El presidente del Gobierno, Pedro Sánchez, ha anunciado este martes desde la Cumbre Mundial de Gobiernos en Dubái un ambicioso paquete de medidas legales y regulatorias que contempla, entre otras cosas, la prohibición del acceso a las redes sociales a los menores de 16 años. El objetivo oficial del Ejecutivo es “proteger a los menores y recuperar el control en el entorno digital”, marcado por el aumento de contenidos dañinos, discursos de odio y desinformación que, a juicio de Sánchez, caracterizan al actual ecosistema de las plataformas tecnológicas.
En una intervención ante el plenario de la cumbre, en la que participan alrededor de una treintena de jefes de Estado y de Gobierno, Sánchez subrayó que las redes sociales se han convertido en un “estado fallido” donde “las leyes se ignoran, los delitos se toleran y la desinformación vale más que la verdad”. Sánchez insistió en la necesidad de “proteger a nuestros jóvenes del salvaje oeste digital”, incluyó la promesa de que el Gobierno aprobará la próxima semana en el Consejo de Ministros este paquete normativo para obligar a las plataformas a implementar sistemas de verificación de edad efectivos.
Un cambio legal con alcance amplio
La medida principal anunciada consiste en elevar de 14 a 16 años la edad a partir de la cual una persona puede acceder libremente a redes sociales y prestar consentimiento al tratamiento de sus datos personales. Bajo la propuesta que impulsa el Gobierno, las plataformas deberán bloquear a usuarios menores de 16 años mediante mecanismos fiables de verificación de edad, sin excepciones basadas únicamente en consentimiento parental.
El anuncio se enmarca en la tramitación parlamentaria de la Ley de Protección de Personas Menores en Entornos Digitales, un proyecto de ley orgánica que ya contempla esta modificación, y que Sánchez ha vinculado con las otras reformas anunciadas para transformar el entorno digital en un espacio más seguro y respetuoso con los derechos fundamentales.
Reacción y contexto internacional
La medida sitúa a España entre los países que han planteado restricciones de edad estrictas en el entorno digital para menores.

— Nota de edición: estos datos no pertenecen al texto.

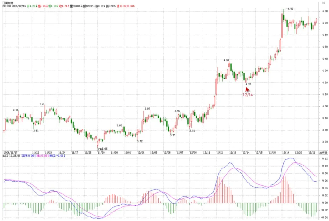 工商银行:对日线中枢来说,次级别是30分钟,而次级别的完成,需要再次级别,也就是5分钟图上呈现3段走势类型。这在工行14那天有着完美的表现。那天14.40左右刚好完成这三段5分钟的走势类型,你可以精确地找到4.2元的买点。请把这三层次的级别关系搞清楚。
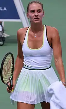 At the US Open, she beat former top-10 player Daria Kasatkina, in straight sets in the first round. She then beat former semifinalist and 31st seed Anastasija Sevastova.[16] In the third round, she met former champion and world No. 9, Naomi Osaka. She overcame a first set deficit by winning the second in a tie-breaker, but was beaten in the third.[17][18]
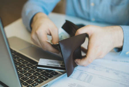 Taking care of personal finances. Invoices, bills, calculator and savings in cash to pay for taxes
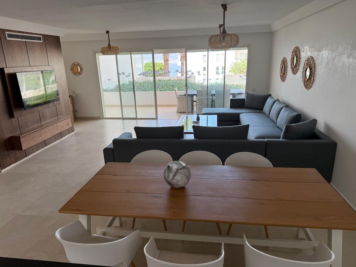 **Merci de lire la description jusqu’à la fin** Découvrez notre charmant appartement à Tanger, idéalement situé dans un complexe fermé et sécurisé, à deux pas du Movenpick, du Casino de Tanger, ainsi que des cafés et restaurants. Profitez d’une magnifique terrasse spacieuse avec vue imprenable sur la baie de Tanger, parfaite pour un café le matin ou un apéritif au coucher du soleil. Idéal pour couples et familles en quête d’une escapade inoubliable.
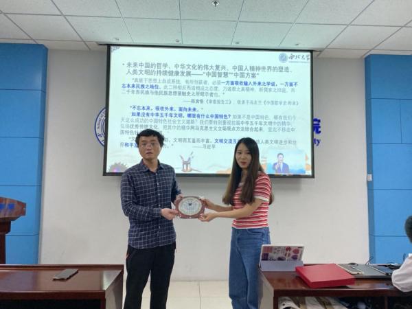 报告以线上线下相结合的方式进行,会后研究生代表向曹振明赠送了导师讲坛纪念牌。
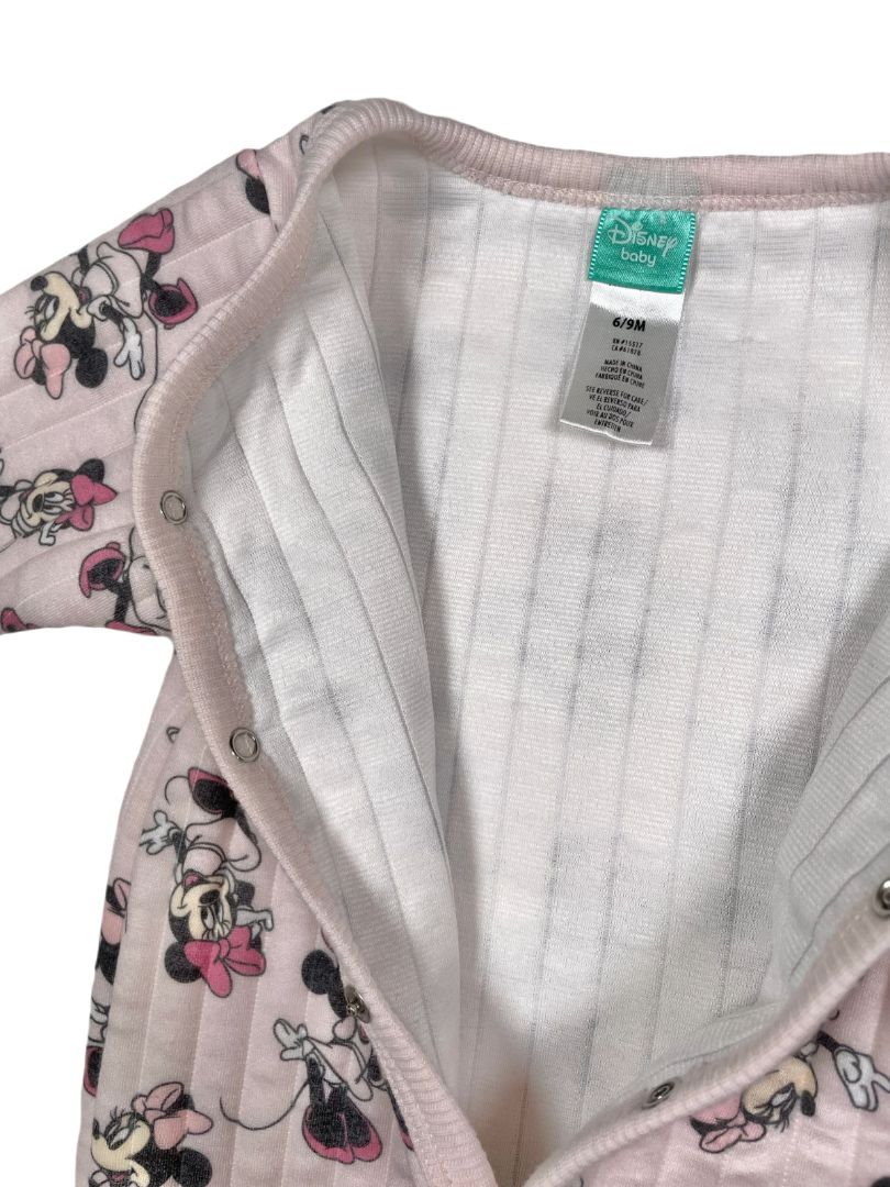 6-9 mo, Disney, Pink, Minnie Mouse quilted footed coverall, snap closure
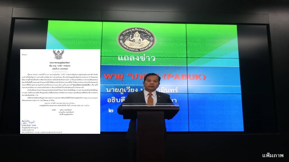 กรมอุตุนิยมวิทยาออกประกาศกรมอุตุนิยมวิทยา “พายุปาบึก” (PABUK)” ฉบับที่ 21 ลงวันที่ 05 มกราคม 2562 เมื่อเวลา 05.00 น.ที่ผ่านมา ระบุว่า
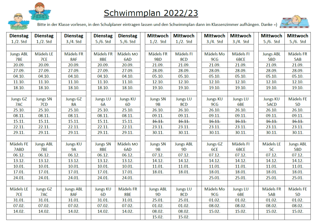 Schwimmplan 2022/23 1. Halbjahr Diesem Plan könnt ihr entnehmen, wann eure Klasse Schwimmen hat: Bitte nicht die Badehose vergessen! 🙂 Ähnliche Beiträge Kommentare sind geschlossen.
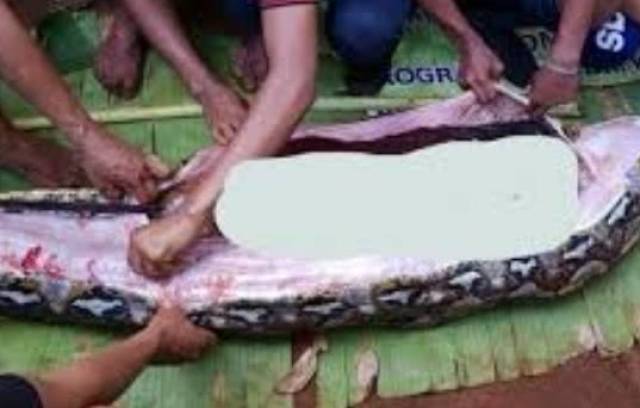 毛骨悚然,印度一女子被巨蟒整个吞下
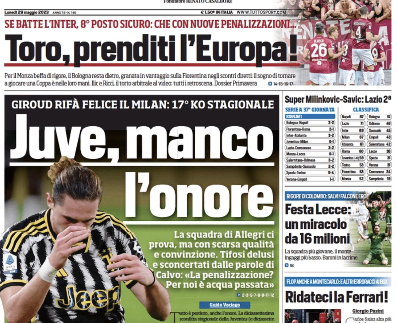 SECOLO XIX – Il Decimonono propone invece un’intervista a Stefano Sabelli, che sta già lavorando al centro sportivo “Signorini” per smaltire uno stiramento al collaterale al ginocchio sinistro rimediato nell’ultima gara contro il Bari di una decina di giorni fa. Le vacanze per il laterale destro rossoblu inizieranno oggi, ma nella sua testa c’è già la ripresa dei lavori per la prossima stagione e la volontà di “dimostrare di essere da A“. “Mi sono spaventato, per fortuna è solo uno stiramento del collaterale, non grave – spiega Sabelli – mi alleno per essere pronto a inizio ritiro. I riconoscimenti di Criscito e Strootman mi ripagano di tutta la fatica. Questo per me è un punto di partenza, voglio uno step in più“. In questo lunedì ci sono anche altri due approfondimenti legati alla stagione del Genoa. Il primo riguarda le Women rossoblu che ieri hanno chiuso la stagione con un netto 9-0 ai danni dell’Apulia Trani davanti ad una nutrita cornice di pubblico. Poi, un lungo trafiletto ricorda la scomparsa di Luciano Paccagnini e le date di rosario (stasera alle ore 18.30 alle camere mortuarie dell’Ospedale San Martino) e funerale (,martedì 30 maggio, ore 10, presso la Chiesa dell’Ospedale San Martino).
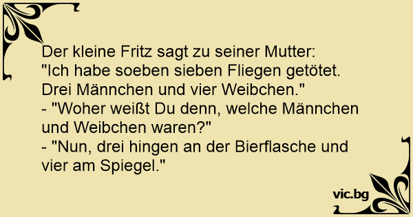 Sebastian kommt am frühen Morgen zu seiner Mama gelaufen: "Mama, ich habe gerade fünf Fliegen gefangen. Drei Weibchen und zwei Männchen." "Und wie hast Du gewusst, welche Männchen und welche Weibchen sind?", fragt ihn Mama. "Ganz einfach: Drei sind auf dem Spiegel gesessen und zwei auf der...

Australia, por ejemplo, ya implementó desde diciembre de 2025 una legislación que prohíbe a menores de 16 años tener cuentas en una serie de plataformas sociales si estas no adoptan medidas de verificación efectivas.
La iniciativa española también se produce en un momento en que otros países europeos, como Francia y Grecia, han anunciado propuestas similares o debatido límites de edad entre los 15 y los 16 años, aunque con variaciones en torno al consentimiento parental o la implementación tecnológica de los controles.
El anuncio ha suscitado tanto aplausos como inquietudes. Parte del sector educativo y organizaciones de protección de menores han valorado positivamente la iniciativa como un paso hacia la seguridad infantil en línea, mientras que expertos en derechos digitales advierten sobre desafíos prácticos y jurídicos asociados con la implementación y con posibles tensiones con normativas europeas, como la Directiva de Servicios Digitales.
Aunque el compromiso del Ejecutivo es iniciar la aprobación del paquete legal en el corto plazo, la medida aún deberá superar el debate parlamentario en el Congreso de los Diputados y posibles ajustes en su trámite. La restricción, si prospera, marcará un hito en la regulación del uso de redes sociales por parte de menores en Europa y podría influir en normativas similares en otros Estados.